Conduction (heat): Conductance

Writing

$\big. U = \frac{k}{\Delta x}, \quad$

where U is the conductance, in W/(m² K).

Fourier's law can also be stated as:

$\big. \frac{\Delta Q}{\Delta t} = U A\, (-\Delta T).$

The reciprocal of conductance is resistance, R, given by:

$\big. R = \frac{1}{U} = \frac{\Delta x}{k} = \frac{A\, (-\Delta T)}{\frac{\Delta Q}{\Delta t}}, \quad$

and it is resistance which is additive when several conducting layers lie between the hot and cool regions, because A and Q are the same for all layers. In a multilayer partition, the total conductance is related to the conductance of its layers by:

$\big. \frac{1}{U} = \frac{1}{U_1} + \frac{1}{U_2} + \frac{1}{U_3}+ \cdots$

So, when dealing with a multilayer partition, the following formula is usually used:

$\big. \frac{\Delta Q}{\Delta t} = \frac{A\,(-\Delta T)}{\frac{\Delta x_1}{k_1} + \frac{\Delta x_2}{k_2} + \frac{\Delta x_3}{k_3}+ \cdots}.$

When heat is being conducted from one fluid to another through a barrier, it is sometimes important to consider the conductance of the thin film of fluid which remains stationary next to the barrier. This thin film of fluid is difficult to quantify, its characteristics depending upon complex conditions of turbulence and viscosity, but when dealing with thin high-conductance barriers it can sometimes be quite significant.

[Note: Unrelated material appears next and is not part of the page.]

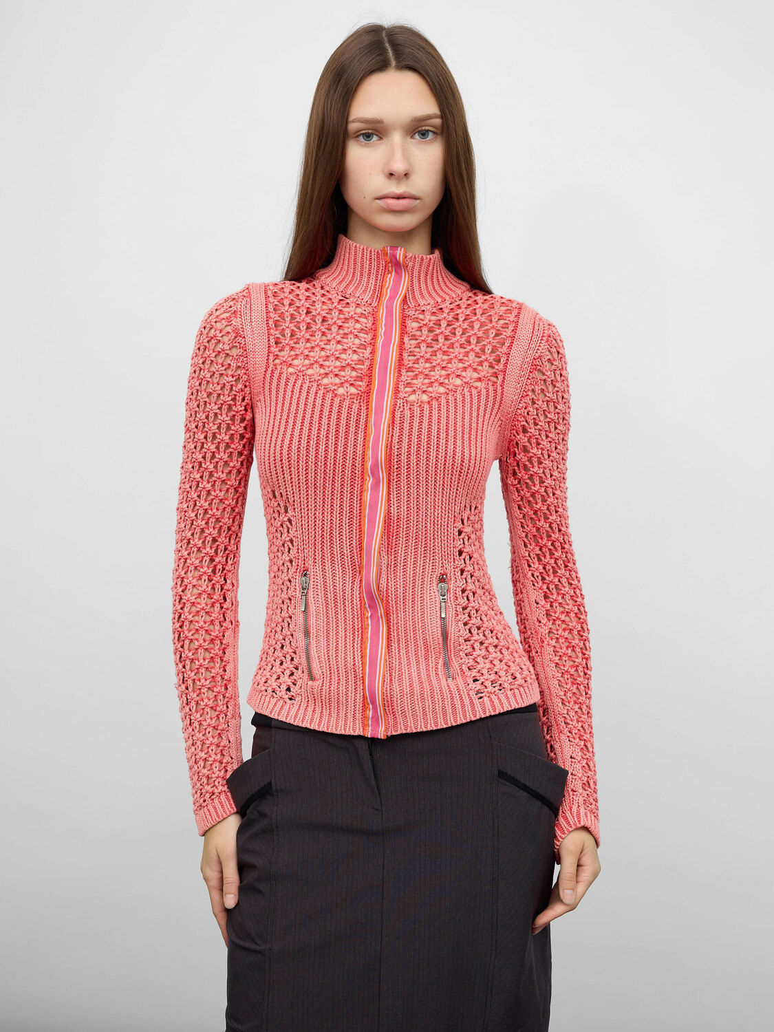 Coral pink acid wash knitted zip-up jumper. Two front pockets with zipper closure.

Intensive-property representation

The previous conductance equations written in terms of extensive properties, can be reformulated in terms of intensive properties.

Ideally, the formulae for conductance should produce a quantity with dimensions independent of distance, like Ohm's Law for electrical resistance: $R = V/I\,\!$ , and conductance: $G = I/V \,\!$ .

From the electrical formula: $R = \rho x / A \,\!$ , where ρ is resistivity, x = length, A cross sectional area, we have $G = k A / x \,\!$ , where G is conductance, k is conductivity, x = length, A = cross sectional area.

For Heat,

$\big. U = \frac{k A} {\Delta x}, \quad$

where U is the conductance.

Fourier's law can also be stated as:

$\big. Q = U \, \Delta T \quad$

analogous to Ohm's law: $I = V/R \,\!$ or $I = V G. \,\!$

The reciprocal of conductance is resistance, R, given by:

$\big. R = \frac{\, \Delta T}{Q}, \quad$

analogous to Ohm's law: $R = V/I. \,\!$

The sum of conductances in series is still correct.

Cylinders

Conduction through cylinders can be calculated when variables such as the internal radius $r 1$ , the external radius $r 2$ , and the length denoted as $\ell$ .

The temperature difference between the inner and outer wall can be expressed as $T 2 - T 1$ .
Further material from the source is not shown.